The District Court noted that a creditor holds a "claim" under the Bankruptcy Code if it has a pre-petition right to payment under relevant non-bankruptcy law. The District Court concluded, however, that Lender's loan documents did not include a clear and unambiguous clause requiring payment of the prepayment premium in the event of a default and acceleration. Accordingly, it held that Lender did not hold a valid claim for the prepayment premium in the bankruptcy case.
Notably, the District Court surveyed decisions that recognized lenders' claims for prepayment premiums in bankruptcy cases, including In re Vanderveer Estates Holdings, Inc.,2 a case in which Herrick, Feinstein represented the lender and that is often cited by lenders in prepayment premium disputes in bankruptcy. The District Court observed that, "[i]n all these cases, the lender's right to a prepayment premium unambiguously arises as a consequence of the default and provision. The prepayment premium, instead of being forfeited by the acceleration of the note, becomes a form of liquidated damages that the lender may demand after accelerating the debt . . . . These cases make clear that if the parties intended to create an actual right to payment of the prepayment consideration upon default and acceleration, the parties could easily have so contracted." Id. at *7.3
The South Side case provides an important lesson to lenders who rely upon prepayment premiums as integral components of their financing strategy. To be sure, not all prepayment premium provisions, even if drafted to address the concern raised by South Side, will be allowed. A prepayment premium provision may be unenforceable if the borrower files for bankruptcy unless the lender can satisfy other requirements. For example, the case law on prepayment premiums demonstrates that the courts will also assess whether the provision in question is enforceable under applicable non-bankruptcy law. But as a threshold matter, lenders should be certain when they make their loans that their loan documents permit them to collect the prepayment premium after default and acceleration, even if the borrower does not tender repayment.
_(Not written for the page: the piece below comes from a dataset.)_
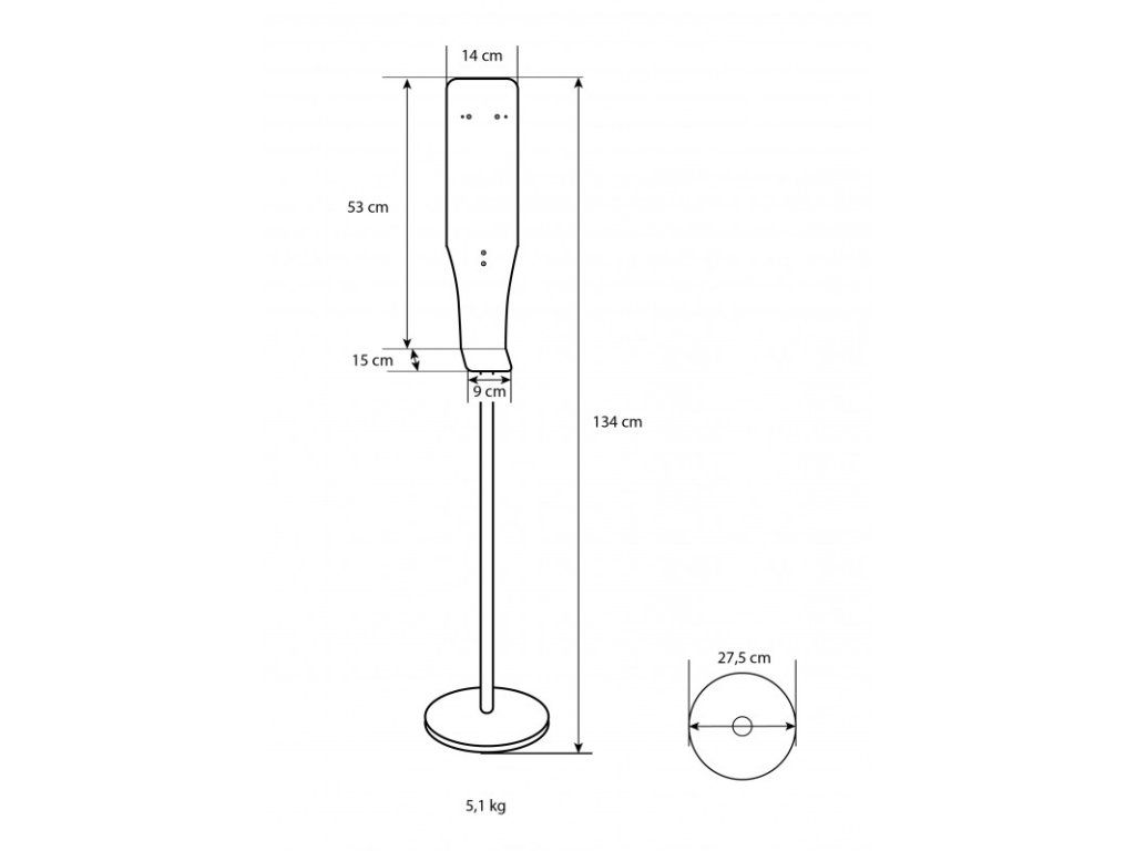 Stojan je určený pro dávkovače gelové a tekuté dezinfekce Donner. Po vyvrtání nových otvorů však může posloužit i jako univerzální stojan pro jakýkoliv dávkovač dezinfekce.

For more information on this or other lending and restructuring topics, please contact:
Hanh Huynh at (212) 592-1482 or [email protected]
Copyright © 2012 Herrick, Feinstein LLP. Lending and Restructuring Alert is published by Herrick, Feinstein LLP for information purposes only. Nothing contained herein is intended to serve as legal advice or counsel or as an opinion of the firm.
1 U.S. Bank N.A. v. South Side House LLC, 2012 WL 273119 (E.D.N.Y. Jan. 12, 2012).
2In re Vanderveer Estates Holdings, Inc., 283 B.R. 122 (Bankr. E.D.N.Y. 2002).
3 The note at issue in Vanderveer contained provisions requiring payment of a yield maintenance premium if the loan were repaid, "'whether the prepayment is voluntary or involuntary (in connection with holder hereof's acceleration of the unpaid principal balance of this Note) or the Instrument is satisfied or released by foreclosure (whether by power of sale or judicial proceeding), deed in lieu of foreclosure or by any other means.'" 283 B.R. at 126 (quoting language from note).